A notorious dilemma in aesthetic theory is the tension between the postulated autonomy of art on the one hand and the call for its societal and political effectiveness on the other. The political dimensions of the Viennese avant-gardes, which competed from 1950 in the same epistemological field with the most advanced theories of the time – semiotics, psychoanalysis, the deconstruction or analysis of the dispositifs of power –, are becoming increasingly apparent in retrospect: “The real legacy of the Wiener Gruppe are the critique of the state and of reality through the critique of language, their anti-literary and anti-artistic concepts of literature and/or of art, their anti-statist and anti-authoritarian attitudes, their habitual transgression of the boundaries between the genres and between art and life.” (Peter Weibel)
There is no evidence of explicit gender consciousness in post-war Austria. Even though Maria Lassnig had been experimenting with body-oriented painting from the 1950s, no one was prepared to follow her example. It was left to Valie Export to proclaim a highly focussed variant of feminism, which made an issue of the female body and its role in art and society through spectacular performances and demonstrated the extent to which it was the object of discrimination.

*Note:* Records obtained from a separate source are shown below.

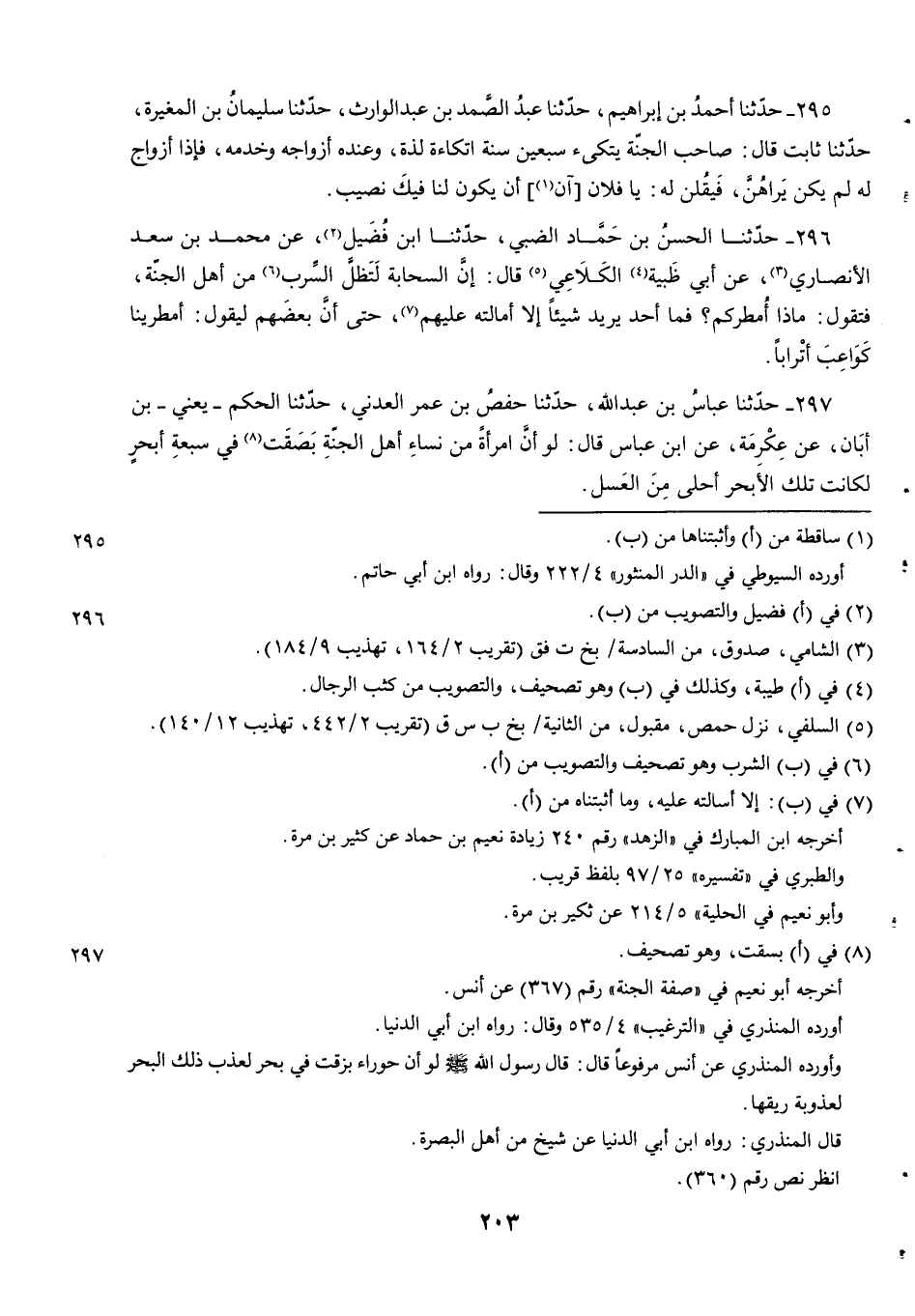 295 - حدثنا أحمد بن إبراهيم حَدَّثَنَا عَبْدُ الصَّمَدِ بْنُ عَبْدِ الوارث حدثنا سليمان بن المغيرة حدثنا ثَابِتٌ قَالَ صَاحِبُ الْجَنَّةِ يَتَّكِئُ سبعين سنة اتكاءة لذة وعنده أَزْوَاجِهِ وَخَدَمِهِ فَإِذَا أَزْوَاجٌ لَهُ لَمْ يَكُنْ يَرَاهُنَّ فَيَقُلْنَ لَهُ يا فلان آن أَنْ يَكُونَ لَنَا فِيكَ نَصِيبٌ.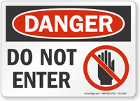 Do Not Enter Signs are not only for the roads. These signs also help you prohibit access to dangerous areas like confined spaces, chemical storage areas, electrical rooms, radiation areas, construction zones, and more. Do Not Enter Safety Signs protect untrained personnel from entering hazardous locations in your facility and reduce your liability in case of an accident. Using strict language for Do Not Enter Signs helps reinforce compliance in unsafe areas.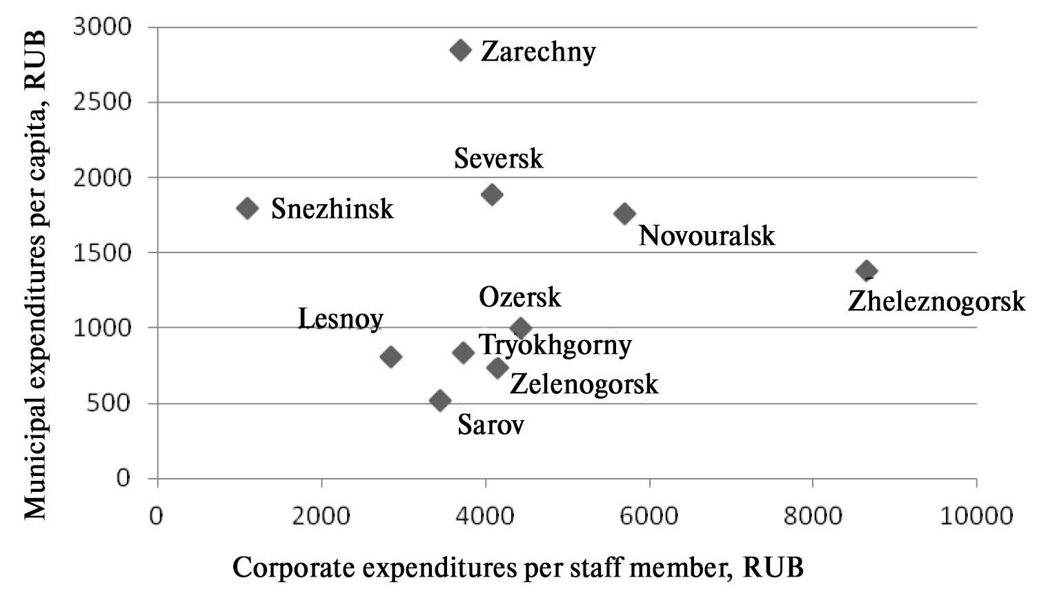 We used the following information sources for the study: Rosatom SNEC Public Annual Report of 2014; annual reports of the Rosatom SNEC subsidiaries; municipal budgets of the Zheleznogorsk, Zarechny, Zelenogorsk, Lesnoy, Novouralsk, Ozersk, Sarov, Seversk, Snezhinsk and the Tryokhgorny CATD; reports of the (CATD) governments available on the Consolidated Portal of the Closed Administrative Territorial Divisions of Russia and on the Rosatom SNEC Public Board website.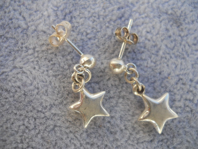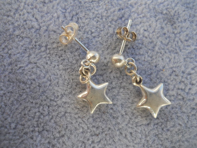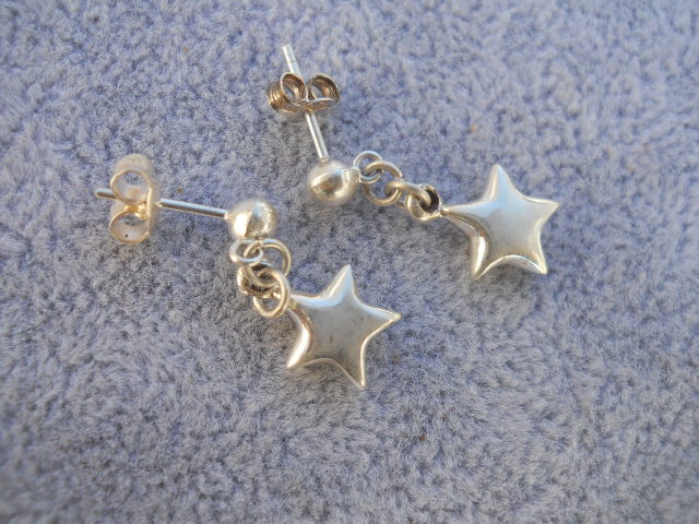 These beautiful Sterling silver Star earrings with ball studs are crafted 925. These Dangle earrings have a beautiful glossy silver natural shine. Stamped 925. Come with surgical steel posts. These measure 1.0 inch long x 0.25 across. The ball studs are 3mm. Gift Boxed.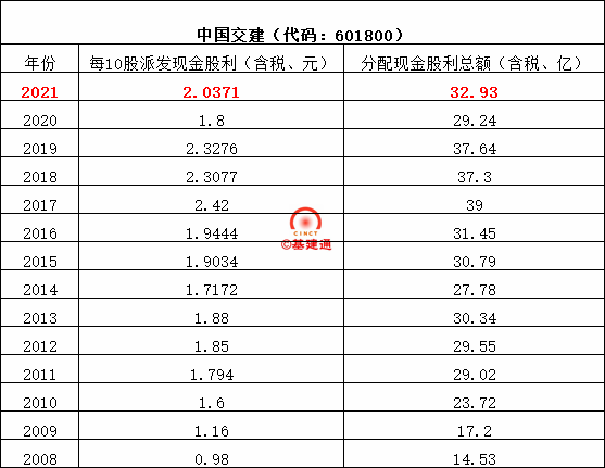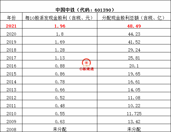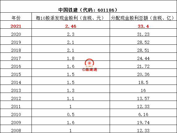 中國鐵建以2021年12月31日公司總股本13579541500股為基數(shù),每10股派送現(xiàn)金紅利2.46元(含稅),共計分配利潤33.4億元,占當年合并報表歸屬于上市公司普通股股東可供分配利潤的15.37%。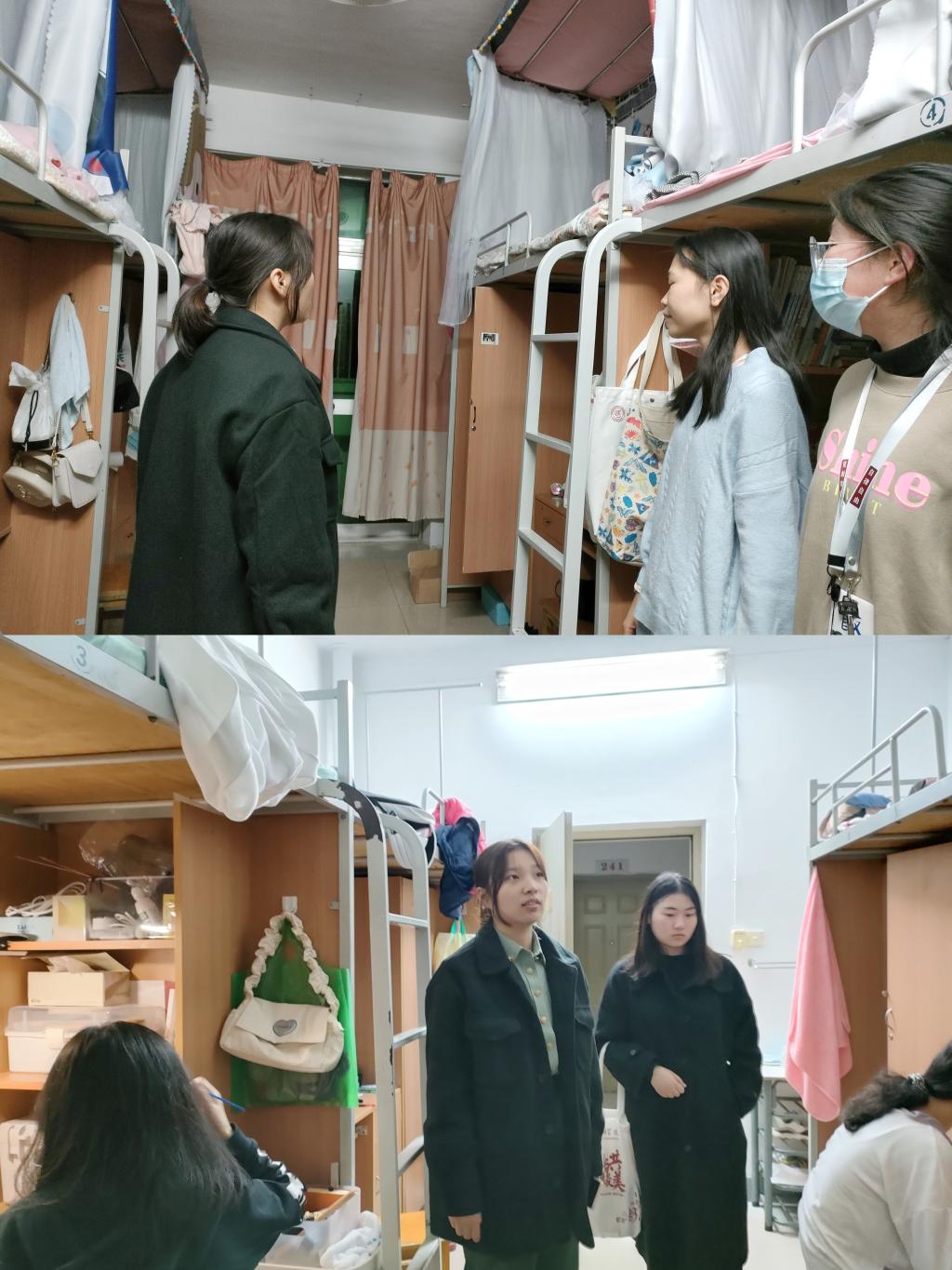 团总支书记热依木·努尔麦麦提与专兼职辅导员王霞、谢成玉、夏逸静深入走访了学生寝室,对宿舍安全卫生进行全面检查。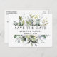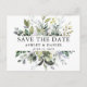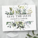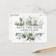 Modern Elegant Watercolor Botanical Grey Bröllop Förlovning Announcement Rädd Postkort för datum omfattar eukalyptus löv, grönt botaniskt löv, dammblått löv och andra vackra botaniska grejer.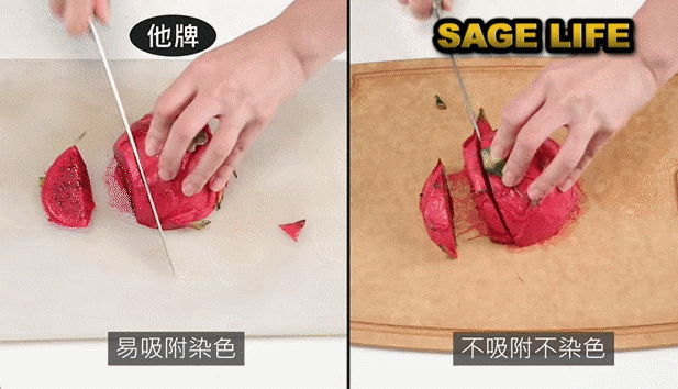我們用火龍果做了一下對比,烏檀木實木整切菜板,它在日常使用中也不容易染色,串色,串味易清洗。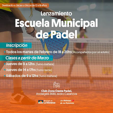 La Municipalidad de La Matanza dio a conocer el lanzamiento de la Escuela Municipal de Padel, destinada a chicos y chicas de 12 a 18 años. Para inscribirse, los interesados deben acercarse todos los martes de febrero de 18 a 20 hs. al Club Zona Oeste Padel, Andalgalá 3680 de Isidro Casanova. La actividad es totalmente gratuita.
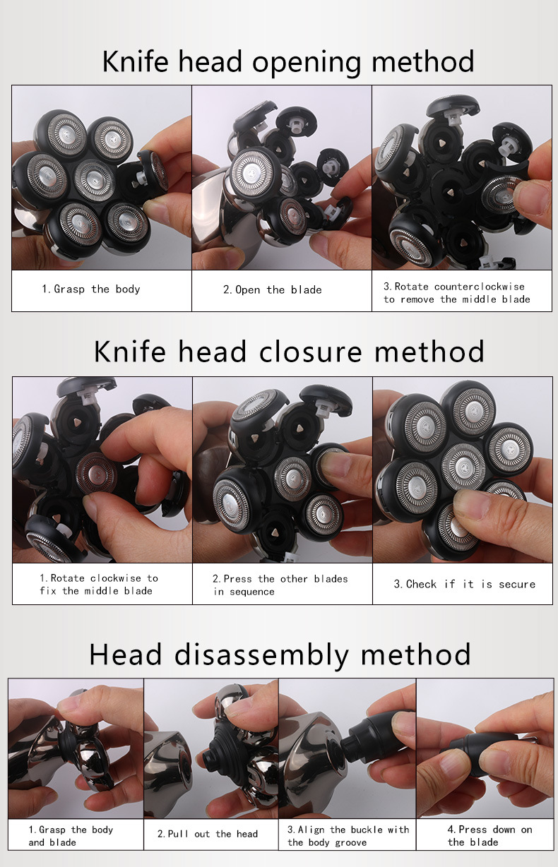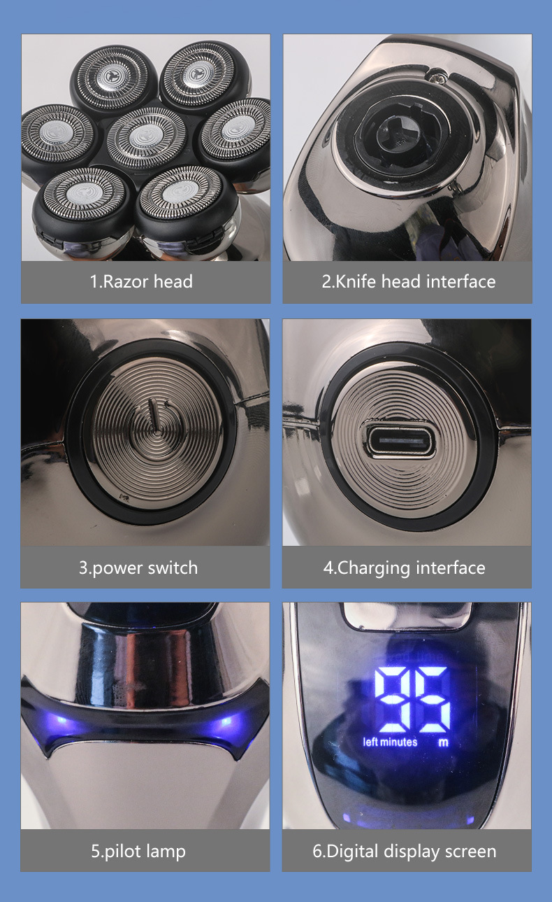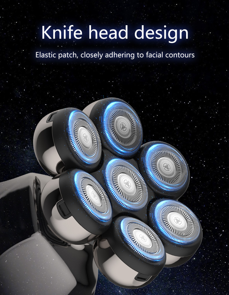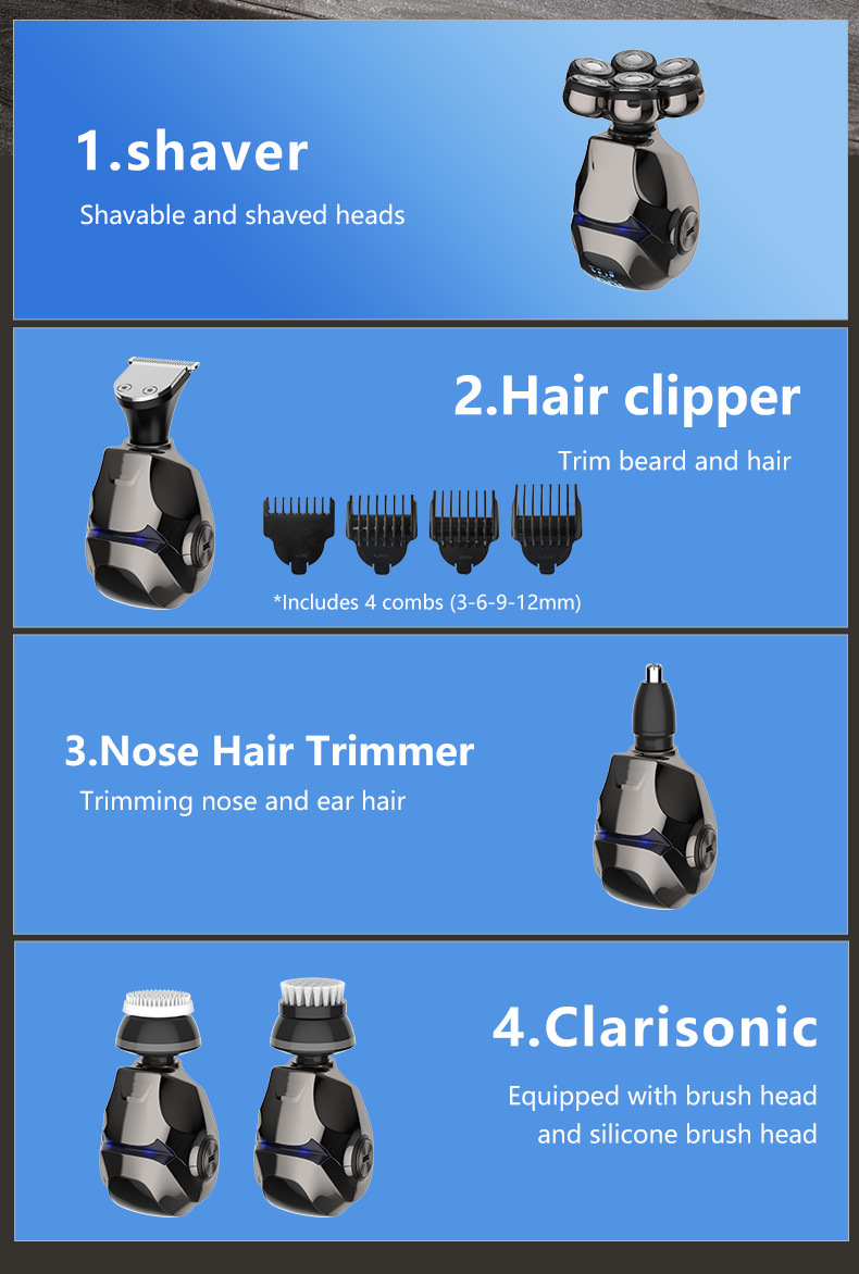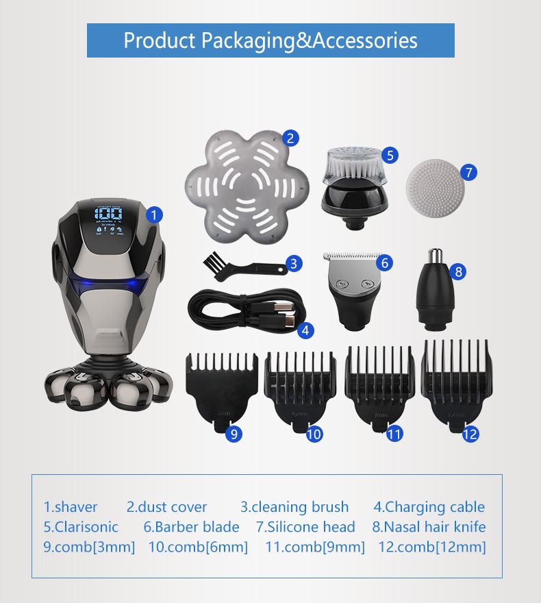 整机包含:1鼻毛刀.2洗脸刷.3按摩头.4滨刀.5定位梳3.6.9.12. 6整机7头加剃须刀头和保护罩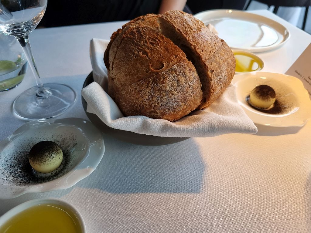Das Brot mit sehr gutem Olivenöl und einer Butter mit Lauchasche half dann über die kleine Pause hinweg, in der mehrere Tische in einen Takt gebracht wurden.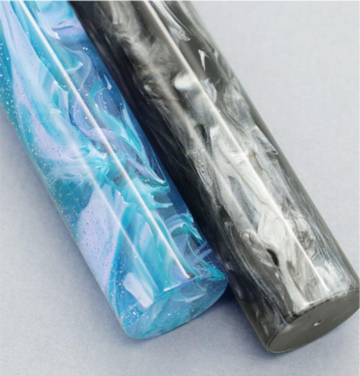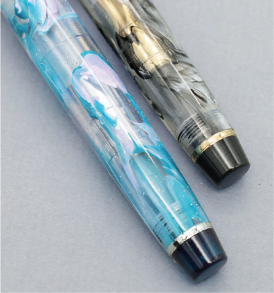 透明ベースの国産アクリル切削材を使用し、マーブル柄を万年筆の“顔” であるペン先を覆うベールに見立て、ベール(veil)と色(iro)を組み合わせた「ヴェイリオ(VEILIO)」シリーズ。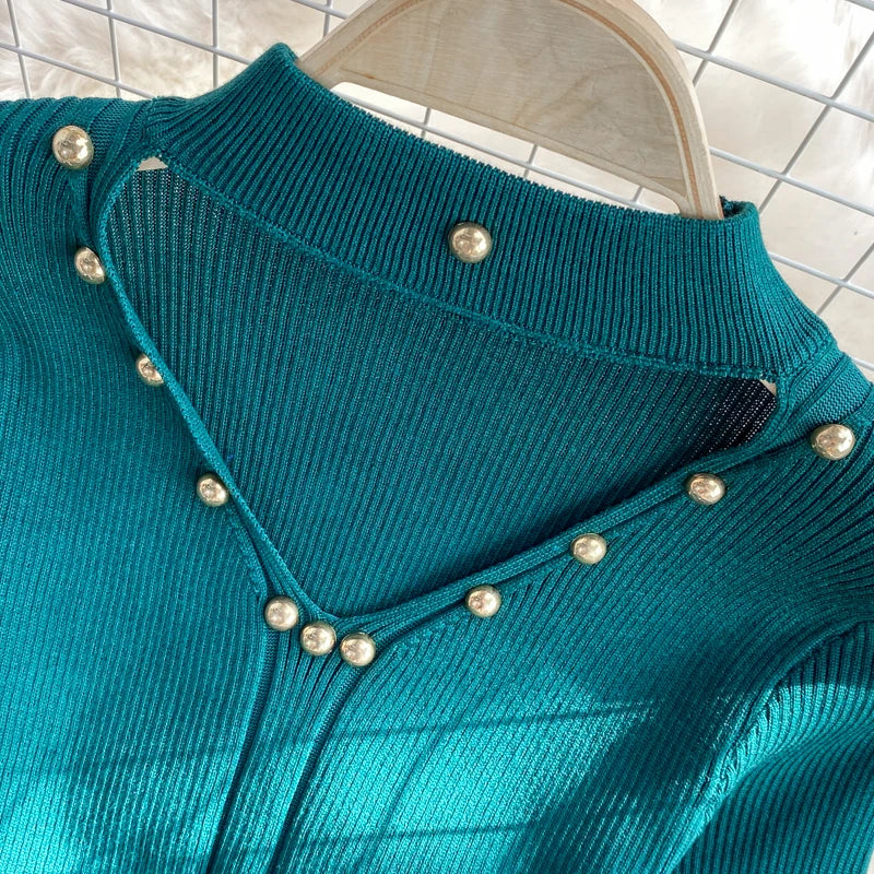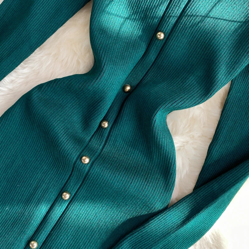 Women Chic Hollow Elegant Long Sleeve Bodycon Dress Sexy Party French Fashion Knit Wrap Vestidos Tight Slim Pencil Dress

The most crucial questions dealt with by this panel were:
What interventions by the Viennese avant-gardes may retrospectively be interpreted as acts of resistance, transgression or of utopian speculative thought?
What – if any – relationship links the development of the Viennese avant-gardes between 1960 and 1975 to the tendencies to put “high” and “low” on the same level, the spread of the pop-culture aesthetic and the socio-critical attitudes of sub- and counter-cultures?
What differences in the perception and significance of the Viennese avant-gardes are discernible between 1950/60/70 and today?